Category: Beyond Support Groups (Page 1 of 3)

The University Interviews: Mental health peers to mental health providers.

In the months to come, STS is interviewing a number of peers pursuing university degrees in the mental health field. The unique challenges of college education for peers are illustrated in their experiences and stories shared, including how existing accommodations must improve to ensure peer success in their studies.

It’s a growing community of mental health peers returning to college to become mental health providers. There is a built-in benefit in this trend: Mental health peers taking primacy in the mental health provider market results in ongoing successful treatment for peers. Peers treating peers just makes sense.
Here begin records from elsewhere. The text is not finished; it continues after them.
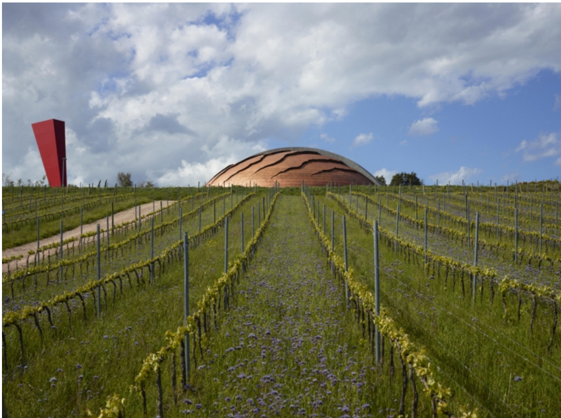
Fig. 4 - Tenuta Castelbuono. La cantina “Carapace” progettata dallo scultore Arnaldo Pomodoro.

è divenuta anche la funzione: non più semplice “contenitore”, ma luogo simbolico e di attrazione per visite e degustazioni.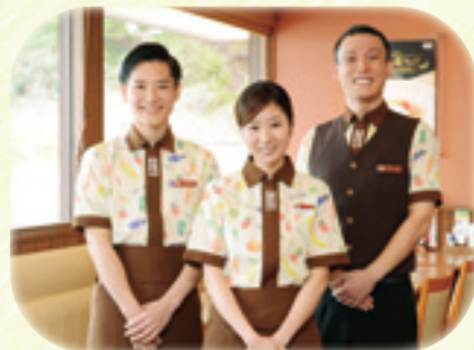
(株)ファイブスター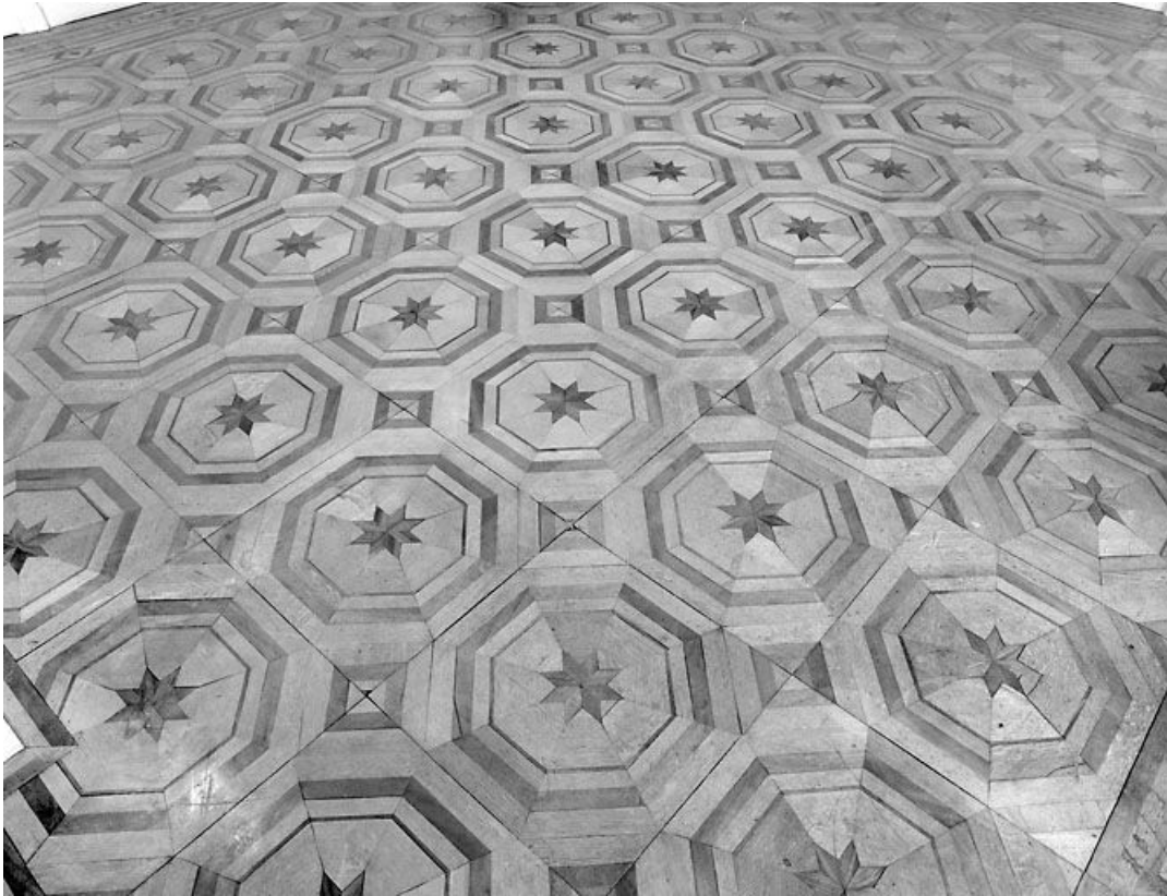
Grand salon : parquet en marqueterie.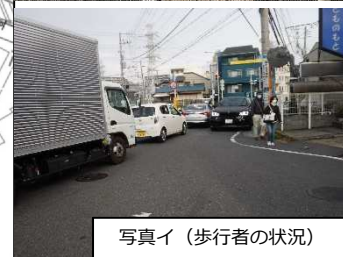
写真イ (歩行者の状況)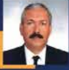
Kemal KARAHAN Hatay Milletvekili

Encouraging enough peers to enter degree programs is difficult, though, because these programs continue to lack properly enforced scholastic accommodation for the unpredictable nature of symptomatic episodes. The “wash out” rate is significant because the structure of degree programs value benchmarks and expected completion scheduling over the individual needs of candidates.

While university accommodation services are more available, the parameters are so ill-defined by administration and repercussions for non-compliance by educators is so inadequate, scholastic accommodations for mental health peers are easier to ignore than honor.

A prime concern is mental health peers aren’t involved in developing scholastic accommodations. Having peers develop mental health degree program scholastic accommodations for successful completion and graduation is critical, and not as an abstract talking point for consideration, this is required right now and going forward.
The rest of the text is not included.